(Items from a dataset)

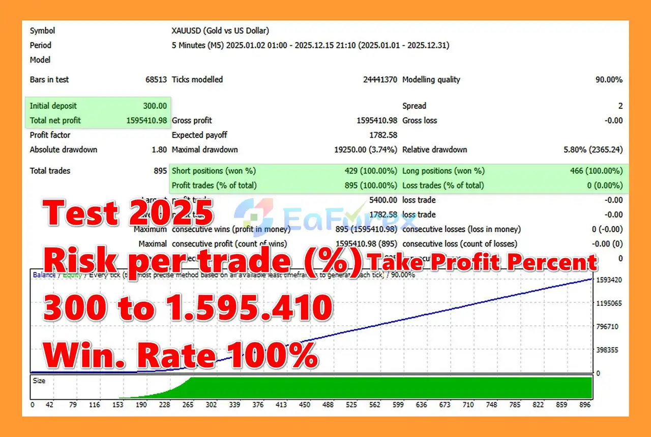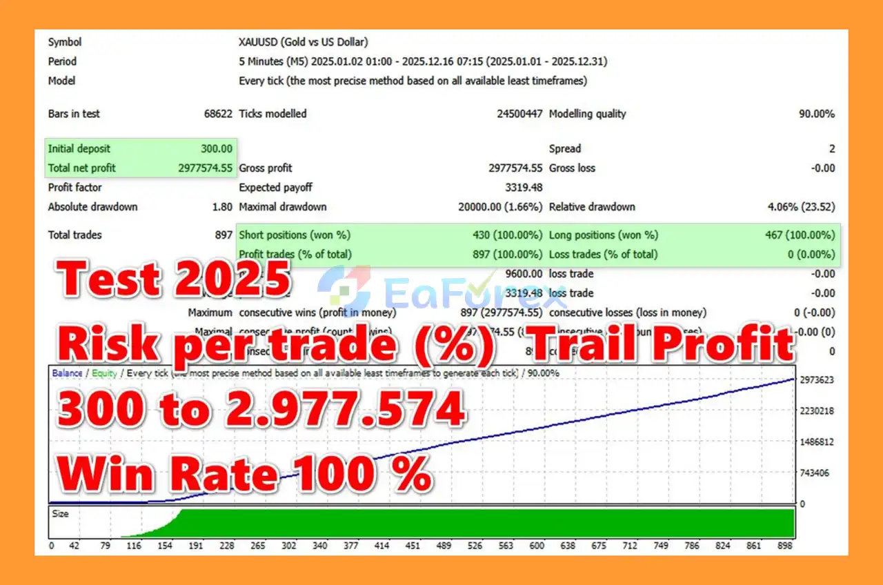 The recommended minimum deposit is $300, which allows the EA to operate effectively with proper risk-based position sizing and capital protection features.
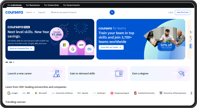 Coursera has established itself as a leading platform for structured, credential-focused online education by partnering with universities, institutions, and global organizations. The programs offered by Coursera include high-quality courses, professional certificates, and full degree programs. Its strength lies in its strong focus on career alignment, guiding learners through structured pathways that connect education directly to job roles and industry demands.
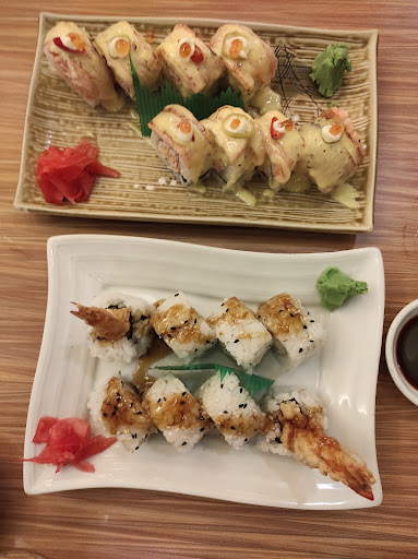 We ordered three rolls: dragon roll, spider roll and Philadelphia roll. Drinks were served promptly but the rolls were not served for a long time. We had to follow up on our order and we got Philadelphia roll but the salmon was not fresh, it’s frozen. I don’t have to guess as the frozen salmon was displayed on the counter.
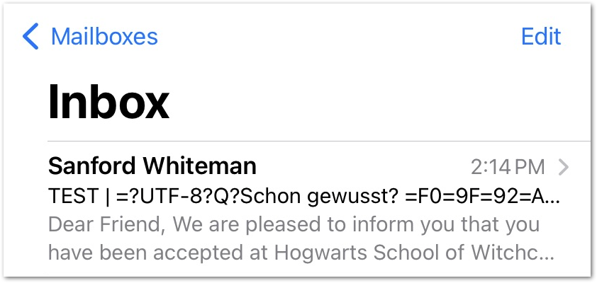 Apple is absolutely correct that it’s bad Q-encoding, and they’re right to break the display. Other mail clients are more forgiving, but you should always build to the strictest standard and don’t rely on clients being looser.
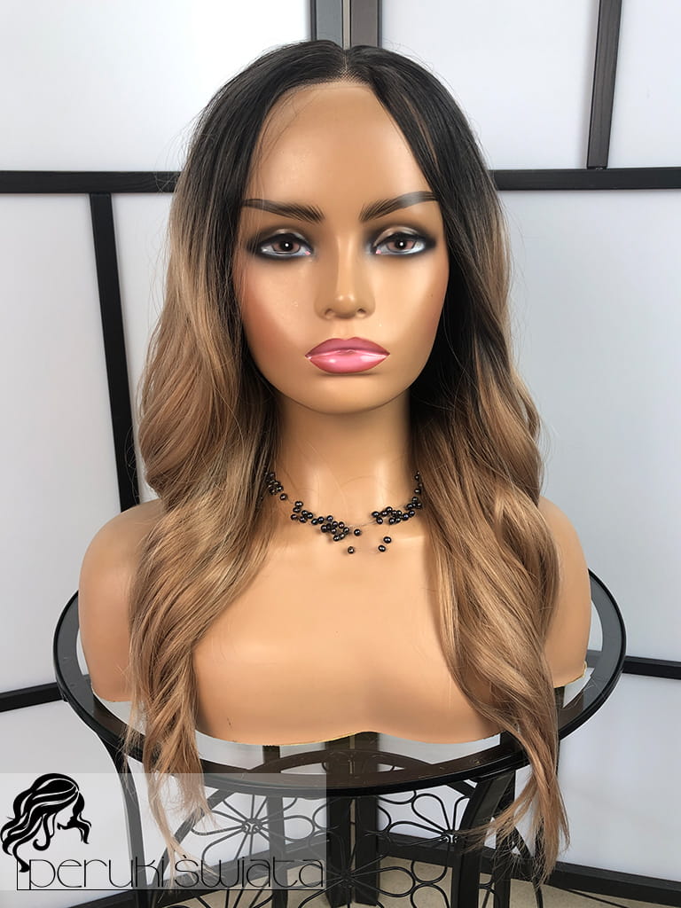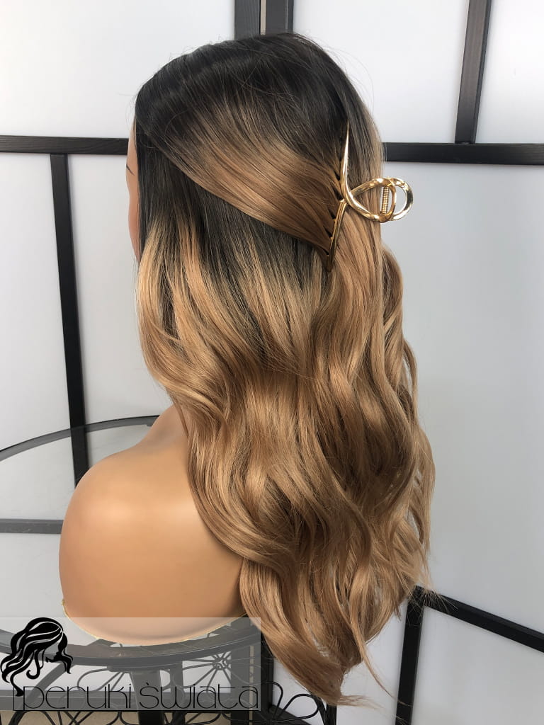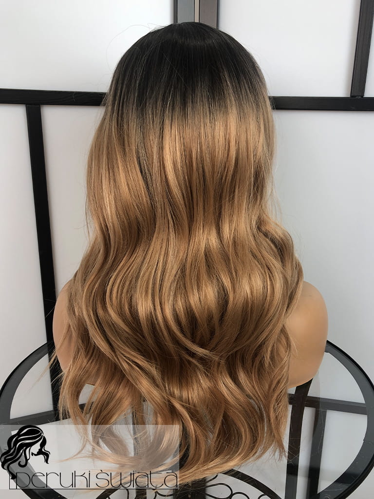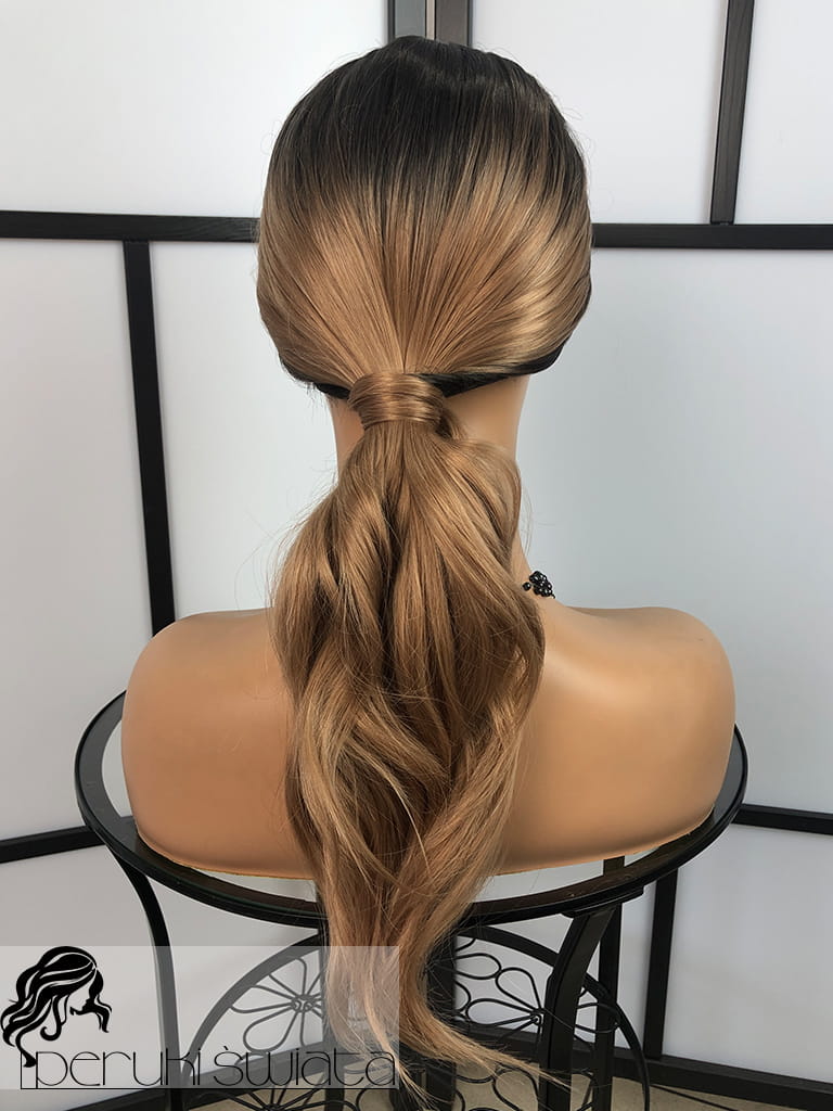 Peruka syntetyczna Tasha, kanekalon termoplastyczny, fale, kolor: karmelowy blond na odroście

Exercise brief:
Output all the records, word for word, with no pictures in the copy.

The answer:
 The recommended minimum deposit is $300, which allows the EA to operate effectively with proper risk-based position sizing and capital protection features.
 Coursera has established itself as a leading platform for structured, credential-focused online education by partnering with universities, institutions, and global organizations. The programs offered by Coursera include high-quality courses, professional certificates, and full degree programs. Its strength lies in its strong focus on career alignment, guiding learners through structured pathways that connect education directly to job roles and industry demands.
 We ordered three rolls: dragon roll, spider roll and Philadelphia roll. Drinks were served promptly but the rolls were not served for a long time. We had to follow up on our order and we got Philadelphia roll but the salmon was not fresh, it’s frozen. I don’t have to guess as the frozen salmon was displayed on the counter.
 Apple is absolutely correct that it’s bad Q-encoding, and they’re right to break the display. Other mail clients are more forgiving, but you should always build to the strictest standard and don’t rely on clients being looser.
 Peruka syntetyczna Tasha, kanekalon termoplastyczny, fale, kolor: karmelowy blond na odroście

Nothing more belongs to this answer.